Copy out each line below verbatim, skipping any picture.

=== DATASET SECTION ===
# # # # #
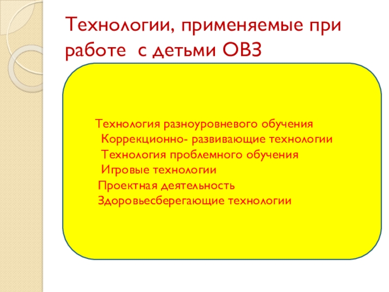 Слайд 3Технологии, применяемые при работе с детьми ОВЗ
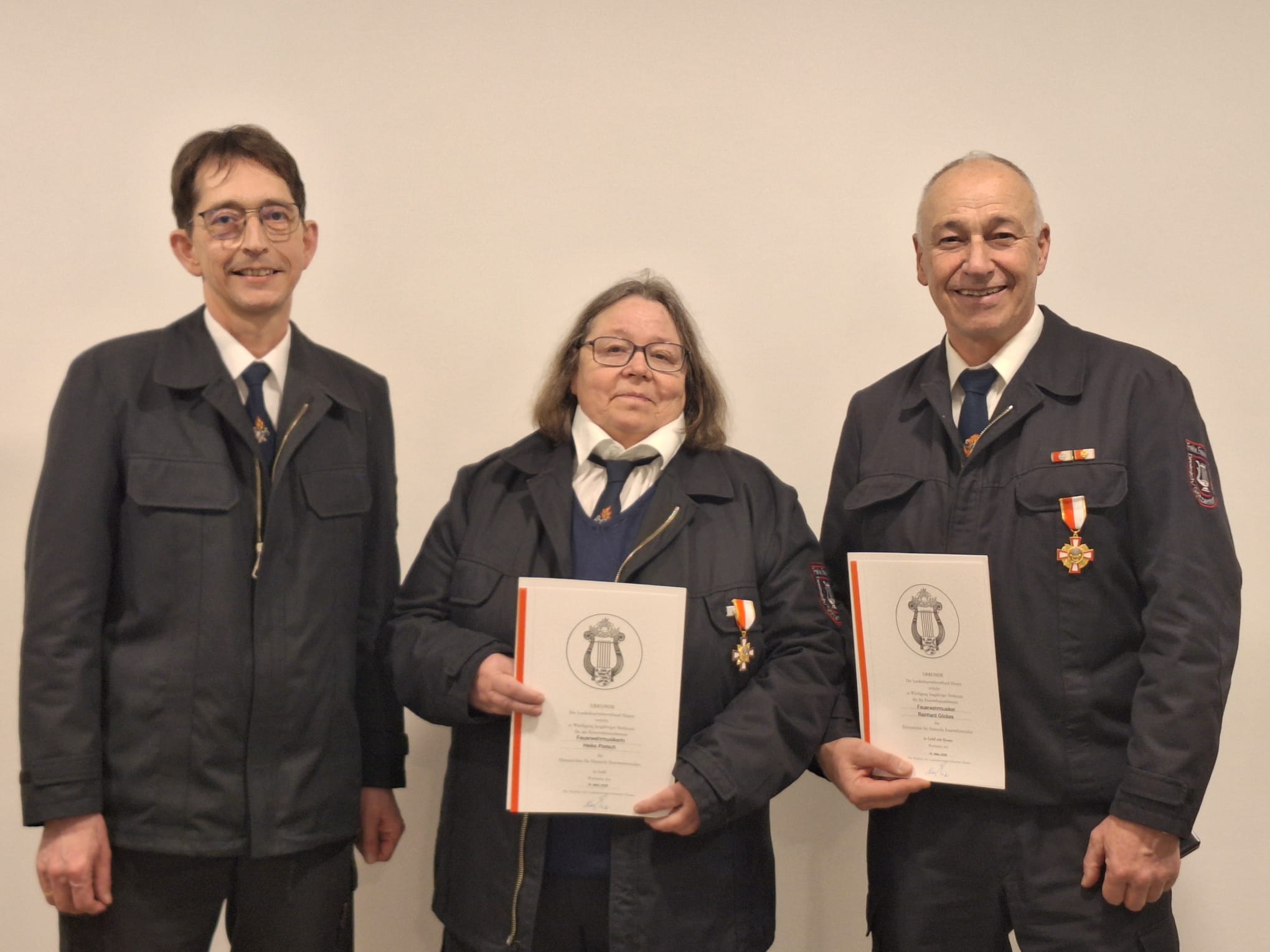 Das Ehrenzeichen für Feuerwehrmusiker des Landes Hessen in Gold für 40jährige aktive Mitgliedschaft im Feuerwehrverein wurde an Heike Pietsch verliehen. Für 50jährige aktive Mitgliedschaft wurde Reinhard Göckes mit dem Ehrenzeichen in Gold mit Kranz ausgezeichnet.
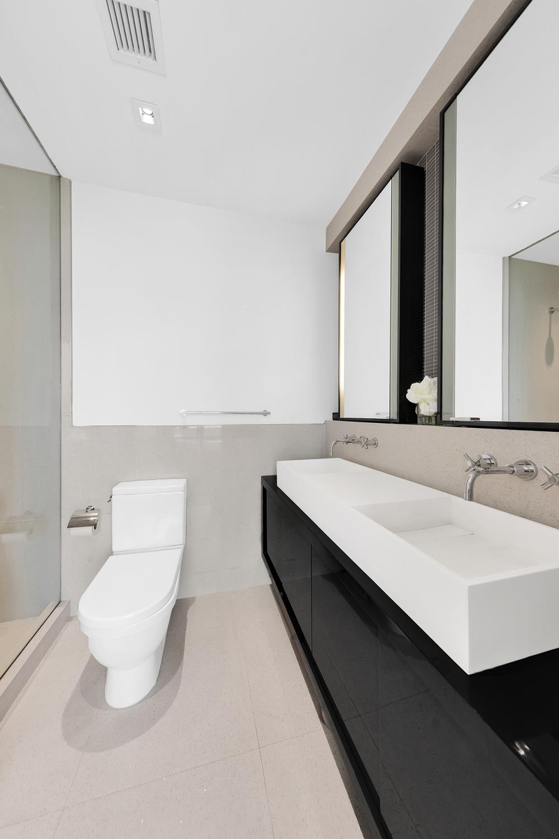 At the heart of the home, the Italian chef’s kitchen impresses with sleek white lacquer cabinetry, premium Bosch appliances, and a Sub-Zero refrigerator. An in-unit washer and dryer adds everyday convenience.
# # # # #
=== PROBLEM SOLUTION ===
 Слайд 3Технологии, применяемые при работе с детьми ОВЗ
 Das Ehrenzeichen für Feuerwehrmusiker des Landes Hessen in Gold für 40jährige aktive Mitgliedschaft im Feuerwehrverein wurde an Heike Pietsch verliehen. Für 50jährige aktive Mitgliedschaft wurde Reinhard Göckes mit dem Ehrenzeichen in Gold mit Kranz ausgezeichnet.
 At the heart of the home, the Italian chef’s kitchen impresses with sleek white lacquer cabinetry, premium Bosch appliances, and a Sub-Zero refrigerator. An in-unit washer and dryer adds everyday convenience.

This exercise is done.